Planeaban seguir juntos hasta el final del camino, al bosque del otro extremo del cañón, donde aguardarían a la llegada de la fuerza invasora, si es que acaso no se los topaban en el camino. Pero era algo de lo que dudaban cada vez más, y no podían dejar de afirmar que algo más que la suerte estaba de su lado.

—Ve cuánto ha aumentado el río– le señaló Zaren a Bahalma –hace tres días llegué caminando a ese peñasco que se asoma entre la espuma, y ahora está casi cubierto y sin acceso–

—Sí, lo noté. Ha llovido más adelante, eso es seguro. Además el clima se enrarece. Nos esperan algunos días de tormenta a partir de mañana o el día siguiente. Es bueno, aunque hubiera deseado estar más adelantado–

—Podemos apretar el paso y descansar cuando lleguemos. Creo que ellos aún tardarán un poco en aparecer–

—Probablemente algunos se adelantarán a reconocer el terreno, no serán tantos como para complicarse por la lluvia–

—No habrá grandes molestias de ese lado, es cierto– dijo Zaren, pensativo –a menos que sean las lluvias fuertes. En todo caso, lo mejor será que apuremos la marcha–

Estaban decididos y conservaban fuerzas suficientes como para afrontar sus decisiones. Apuraron el paso tanto como pudieron y continuaron durante algunas horas de la noche, porque el camino se los permitía.
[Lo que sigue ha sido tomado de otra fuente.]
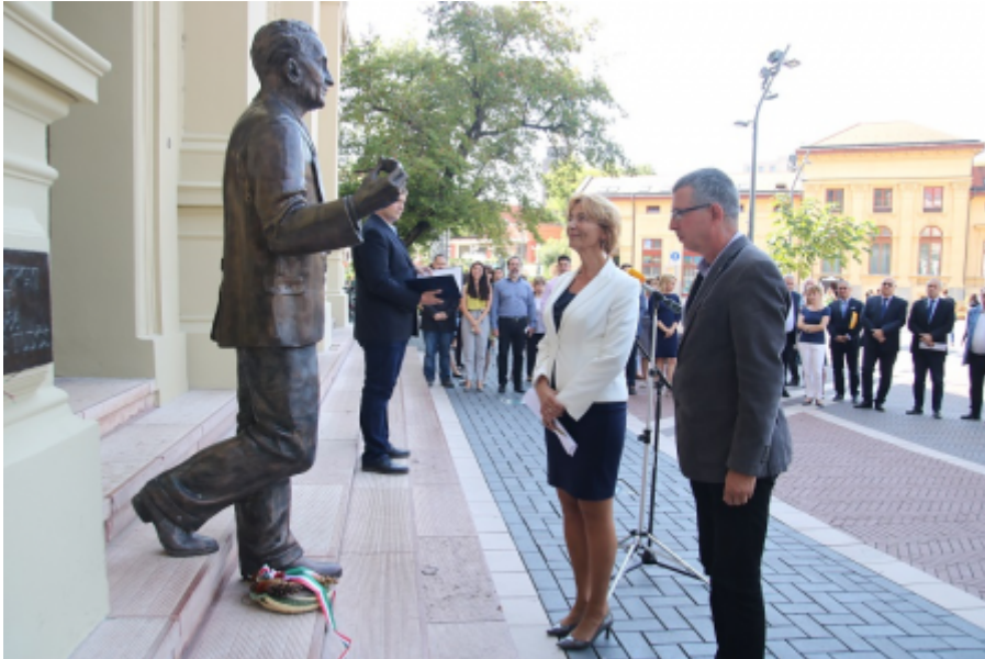
A Szent-Györgyi Albert szobra koszorúzási ünnepségén készült felvételek itt megtekinthetők ( https://www.flickr.com/photos/143739712@N04/sets/72157671357789917 )

Olyan gazdag Szent-Györgyi Albert életműve és oly összetett személyisége, hogy szinte minden esztendőben és több hónapban is találhatnánk egy-egy olyan napot, amikor valamiféle évforduló szolgáltat apropót a vele kapcsolatos megemlékezésre, tisztelgésre. 2018. szeptember 16-án arra emlékezhettünk, hogy 125 évvel ezelőtt született az a magyar Nobel-díjas orvos és biofizikus, aki a tudományos élet e legrangosabb elismerését jórészt a szegedi egyetemen végzett kutatásaiért kapta. De idén szeptemberben arra is visszagondolhatunk, hogy Szent-Györgyi Albert mikor járt először Szegeden? Mikor és kinek a társaságában láthatta azt a Dugonics téri épületet is, amely ma a hazánk egyik legrangosabb felsőoktatási intézménye és kutatóhelye, a Szegedi Tudományegyetem központi épülete?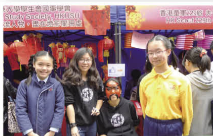
Our students were being the little reporters to interview participants of HKU.

We all enjoyed the day! It is good for our students to explore more of their talents and broaden their horizons by joining this outstanding event!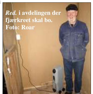
Red. i avdelingen der fjærkreet skal bo.

hus. Det ble innvilget til sammen kr 30 000 fra fylkeskommunen og Storebrand. Det har tatt utrolig lang tid å gjennomføre prosjektet, av flere årsaker; bl.a. mangel på dugnadskapasitet. Men nå er fjosen snart ferdigstilt og skal være klar til medio oktober, da 10 høner og en hane skal flytte inn. Mer i MN 10 09!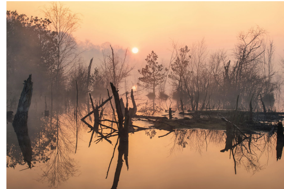
70 mm | f11 | 1/25 s | ISO 100 | Stativ

Wetter und Licht Im Moor bei Sonnenaufgang gibt es häufig Nebelschwaden. Bei Regen sieht die Moorvegetation besonders saftig aus. Auch das flache Licht des Sonnenuntergangs schmeichelt der Landschaft. (KS)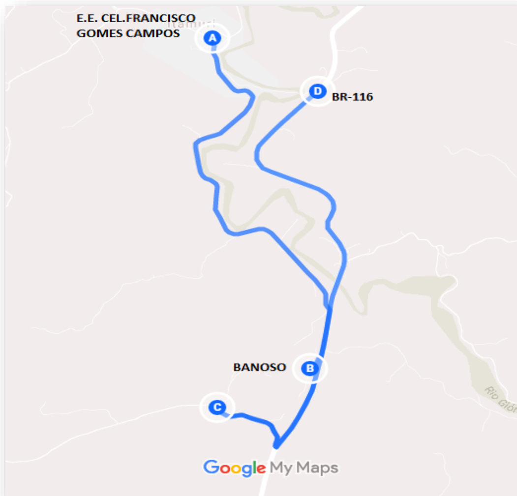
Imagem 2: Projeto Executivo da linha Itamuri – Capetinga - Usina interno I

Al día siguiente, el calor pegajoso y húmedo que los torturó desde temprano, les confirmó lo que ya Bahalma había anunciado: se acercaba la tormenta. Fue así que siguieron a paso continuo y adelantaron tanto como pudieron. Sobre la noche las nubes avanzaron velozmente sobre el cielo estrellado y tendieron un velo opaco que dejó esas tierras sumidas en sombras. Prefirieron poner alto y buscaron el amparo de ciertos salientes seguros en el lado sur del cañón. A poco de refugiados, un denso aguacero se abatió sobre la región y los dejó varados.